Guy Montag is the main character of the novel, and the entire thing is from his perspective. We are inside his head, seeing and feeling things as he sees and feels them. Other characters come in an out of the story, but none even come close to the time we have with him. By the end of the book, you know Guy as well as you know any friend, perhaps better.

I would not say that the book is a stream of consciousness, been there, read that, and I am glad Fahrenheit 451 is not one of those books. However, the book is very deep inside his head, and you might need a minute to adjust to normalcy when you come up for air while reading it.

One of my favorite parts of the book was the prose. The beautiful, lyrical prose that swells from one scene to the next. It is really hard to describe that kind of prose, because you can’t quantify it in grammatical rules. It was beautiful, and I would have read the most boring story ever if it was written in that prose.

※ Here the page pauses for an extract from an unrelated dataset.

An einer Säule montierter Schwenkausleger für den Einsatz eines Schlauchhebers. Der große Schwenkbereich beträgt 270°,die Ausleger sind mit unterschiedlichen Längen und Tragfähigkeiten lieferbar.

I would recommend this book without hesitation to anyone who enjoys the dystopian genre. Also if you like classics, if you like beautiful writing, and if you have a love affair with books. So basically, just about everyone.

Though I would hesitate to give it to anyone under fourteen, because of the content. There is absolutely nothing explicit, but the book does deal with things like murder and an overdose of sleeping pills.

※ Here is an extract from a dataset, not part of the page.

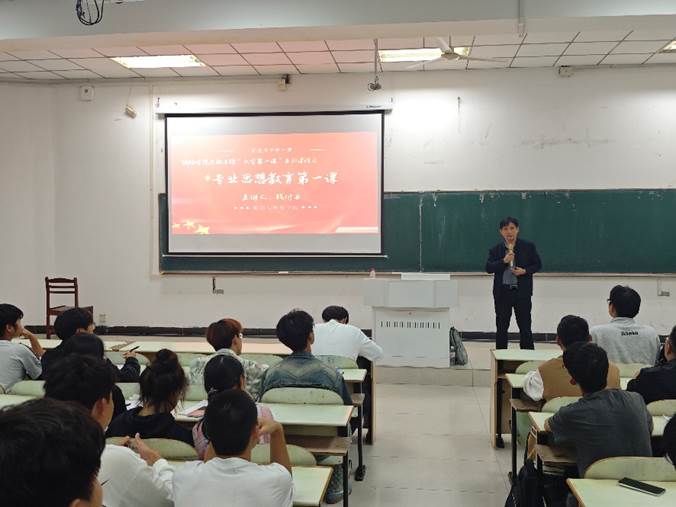 在佳山校区教三南203开展启航工程“大学第一课”系列课程之专业思想教育第一课。院长钱付平以“‘双碳’目标带来的机遇和挑战”为主题为2024级全体新生带来一场别开生面的讲座,深入浅出地阐述了国家“双碳”目标对未来经济、社会以及环境的深远影响。

If I could give this book ten out of five stars, I would. Five will have to do for now I suppose.

I hope you pick Fahrenheit 451 up and enjoy the read!

Shaina Merrick

Favorite Reads of 2019

Fine. Since everyone else is doing it, I will to.

I have been keeping track of what I read, and how much I liked it, since I was… In Middle School? And all of those lists are around here somewhere. Heh. Thankfully, the list for this year is not in the depths of some journal, and easy to get to and finally organized according to month and year. (don’t ask)

I read a bunch of good books this year, so this list is not going to be short. Sorry not sorry.

The Chestnut King by N. D. Wilson

The Chestnut King (100 Cupboards, #3)

The only reason the rest of the 100 cupboards series isn’t on here is because I didn’t read them in 2019, and I had to cut myself off somewhere. This was the finale to end all finales. The perfect wrap up to the series, and a scene at the end that left me crying happy tears. You must read this series. I don’t think I can put into words how much I love all of these characters and the relationships between them. Also, this series is the reason I now like baseball. Thanks Henry.

A Thousand Perfect Notes by C. G. Drews

A Thousand Perfect Notes

This, this is the book that I will fangirl over with anyone, anywhere. I was not expecting this book to bowl me over, but it did. Every scene left an ache in my heart, every word made me fall in love with the main character even more. Beck was so, so wonderful, all I wanted to do was hug him and give him a cookie. Also, there was piano. My other great love in life. This book combined my two favorite things. The way the author explained playing piano was something I knew. This was an experience I could share with Beck because I have done that. Played the song, had the nerves, hoped the soul I was bleeding over the keys would be liked by others. So yeah. It was great.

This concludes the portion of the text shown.